### YOUR GOAL
Would you return the listing exactly as written, apart from its pictures?

(STORED DATA Opens)

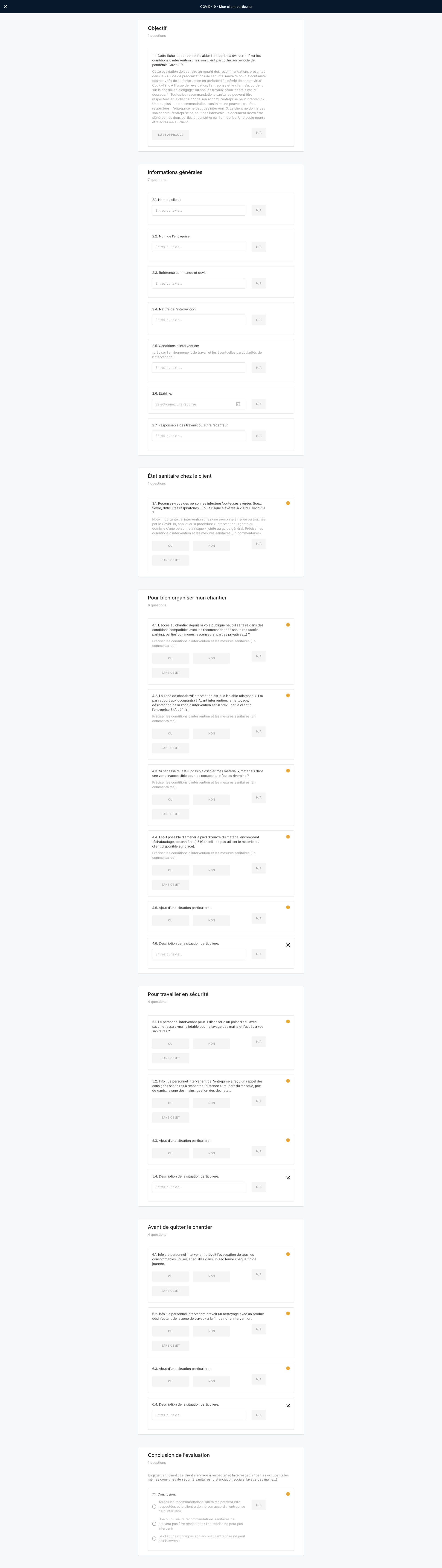 Ce formulaire a pour objectif d’aider l’entreprise à évaluer et fixer les conditions d’intervention chez son client particulier en période de pandémie Covid-19.
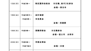お知らせ 谷田山東光寺 令和8年1月の予定 PDF版ダウンロード谷田山東光寺令和8年1月の予定実施日時 間行 事 内 容2日(木)午前10時~新年拝請 <本寺桃原寺>(住職参加)9日(金)午後5時半~役員... 2025.12.30 お知らせスケジュール
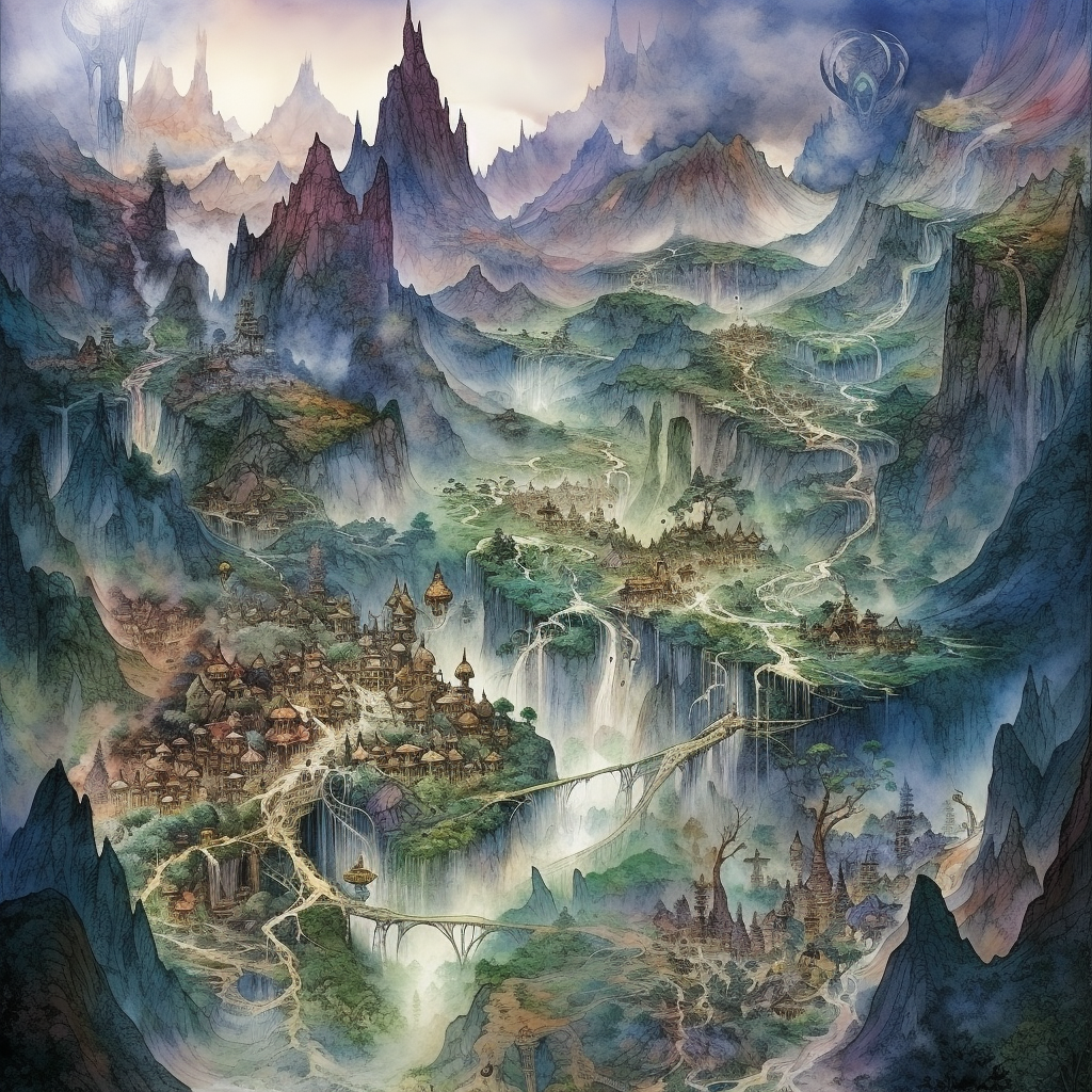 The River Oceanus slides easily from Amoria into the second layer, Eronia, where the landscape is rougher and the weather harsher. The river cuts great gorges throughout Eronia, and some of the most spectacular waterfalls in all the multiverse can be found along the mighty river’s crashing course. The dangers of Eronia are mostly natural, from rockslides to cliff faces, but most take it as a challenge from the plane itself to rise up and do better for themselves and one another.
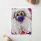 This notecard features a digitally hand painted very eager, very “slurpy” and very amazing “in-your-face-in-the-best-way” light colored furry dog. The background, barely visible, resembles a fuchsia color. Thanks for checking out my shop!

(STORED DATA Closes)

### PROBLEM SOLUTION
 Ce formulaire a pour objectif d’aider l’entreprise à évaluer et fixer les conditions d’intervention chez son client particulier en période de pandémie Covid-19.
お知らせ 谷田山東光寺 令和8年1月の予定 PDF版ダウンロード谷田山東光寺令和8年1月の予定実施日時 間行 事 内 容2日(木)午前10時~新年拝請 <本寺桃原寺>(住職参加)9日(金)午後5時半~役員... 2025.12.30 お知らせスケジュール
 The River Oceanus slides easily from Amoria into the second layer, Eronia, where the landscape is rougher and the weather harsher. The river cuts great gorges throughout Eronia, and some of the most spectacular waterfalls in all the multiverse can be found along the mighty river’s crashing course. The dangers of Eronia are mostly natural, from rockslides to cliff faces, but most take it as a challenge from the plane itself to rise up and do better for themselves and one another.
 This notecard features a digitally hand painted very eager, very “slurpy” and very amazing “in-your-face-in-the-best-way” light colored furry dog. The background, barely visible, resembles a fuchsia color. Thanks for checking out my shop!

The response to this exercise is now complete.